My favourite Vietnamese
restaurant in Perth is Tra Vinh. I like the original one on Brisbane Street in
Northbridge, from the white leather Louis Vuitton chairs to the television
playing Home and Away in the
background. They are warm and welcoming and reliable. But more than that, they
are delicious and know what to do when it comes to food. Of all the dishes
there that I love to eat, I love to eat their broken rice with pork chop the
most. There have been times when I have craved it for days in a row, returning
again and again, eating it back to back like sporting teams who are hungry for
yet more championships.
It was Thursday, four
days after my return from India, when I got back to Tra Vinh and that broken
rice and pork chop dish. The day was sunny (as always) with the sky being an
endless blue that stretched onto the horizon. There was no traffic and no
pollution. There were no crowds on men on the street watching you walk by,
drinking cups of chai.

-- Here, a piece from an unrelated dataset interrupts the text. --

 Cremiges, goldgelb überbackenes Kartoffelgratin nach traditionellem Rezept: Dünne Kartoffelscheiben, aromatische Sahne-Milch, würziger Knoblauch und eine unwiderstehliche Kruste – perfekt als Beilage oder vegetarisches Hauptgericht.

Here, it was clean and empty, occasionally a person
making their way slowly to an empty bus stop to wait longer still before
gliding off into the distance. There is infrastructure here but very few who
use it. That is what it means when they say it is capital rich. In any case, I
have digressed. I was looking for my pork chop.
The pork chop here is
superior not only because of the strength of the component parts, but also
because of how it harmonises together. The chop is golden, pliant and caramel;
the shredded pork is stringy, salty, and gloriously noodled; the meatloaf is
soft and springy and salty yum yum; the rice is broken (as was advertised) and
does not disappoint; the egg is fried but the yolk still runs away when the
fork comes to coax it out to play; the pickled radish and carrot is vingary and
sweet; the cucumber is generously portioned and refreshing; the sweet chilli
dipping sauce is spot on if not perfect; and the pork broth with coriander soup
is the thing you need to wash it down. I love this dish for all its simplicity
and complexity, for how it fits together and makes you wish that comfort was
always like this, never a disappointment. I love it. Home is where the stomach
is, and, as you can see from the before and after images, nothing was wasted. * Please note in the top image that the rice is hiding under the cornucopia of other elements (this is a generous plate of deliciousness).

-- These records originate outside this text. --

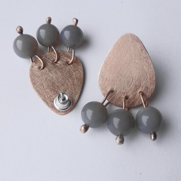 Oryginalność i prostota. OKRĄG - kształt doskonały. Kolekcję cechuje elegancja i prostota jak również ekstrawagancja i indywidualizm. Kolczyki na sztyftach wykonane są z -brąz, srebro, jadeit 0,8 cm. Brąz - zmatowiony. Szerokość ok. 1,7 cm. Długość 3,5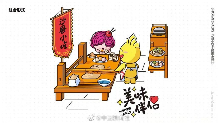 【#沙县小吃主题卡通形象#萌萌哒 有你爱吃的吗?】#沙县小吃也有卡通形象了#12月7日晚,“沙县小吃”主题卡通形象正式发布。当日,2021年沙县小吃旅游文化节开幕式在福建省三明市沙县举行。沙县小吃始于汉晋,已有1600多年历史,至今保留着古老汉族传统饮食特点。2021年,沙县小吃制作技艺入选国务院公布第五批国家级非物质文化遗产代表性项目名录。(沙县区融媒体中心 供稿)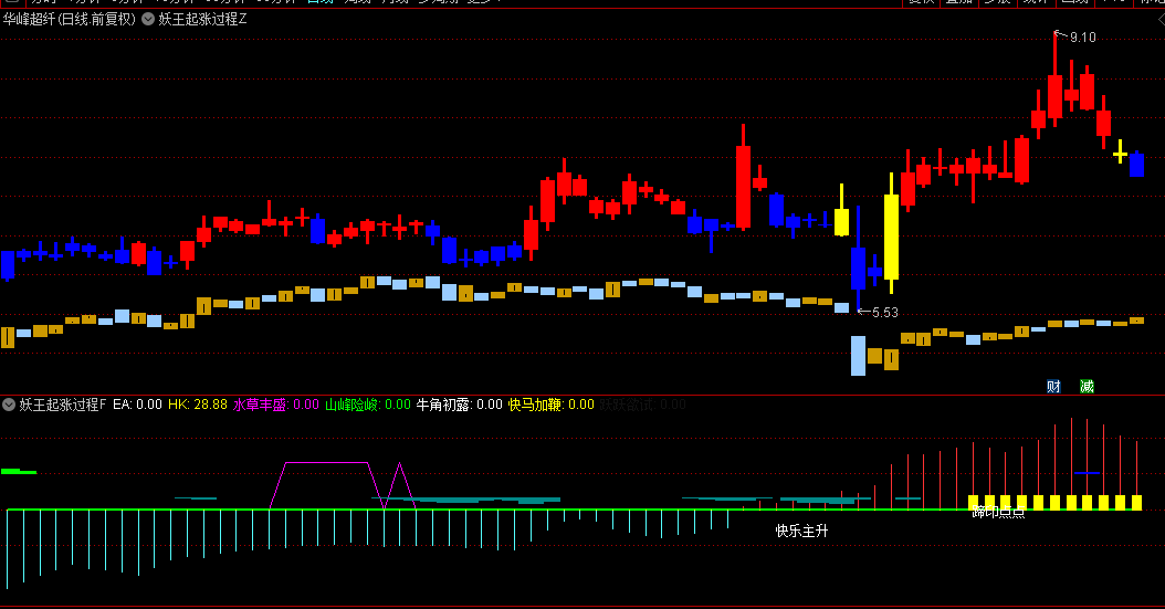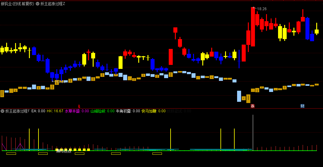 通达信【妖王起涨过程】主图/副图指标,K线形态+量能演变+量峰结构+分时波形+均线排列!

I was thinking of Nam Le's The Boat too as I ate this meal. And what it is to be at home, and what it is to be in the world. In that collection, you get a sense of the cosmopolitan way of living, which is to say it is rootless and moves around with a sense of disengagement. I do not necessarily take issue with what that might be, though I, of course, live somewhat differently. I like to feel connected, which is not to say rooted or settled or simply transplanted. I like the idea that comfort is transient but that we also take some of it with us, no matter where we end up or what we have done. Being back in Perth, at least for the moment, gave me the sense of how different it is to Bombay, for instance. And yet, there is always pleasure to be gained from eating our way back to health and happiness. I like this to take stock of all the flavours on offer from chicken curry to spaghetti bolognaise to broken rice with pork chop. All of them belong at the table I like to sit at and think about the world from. From tomorrow, there will always be other dishes on offer, but for now I was glad to be at home where there were also good condiments.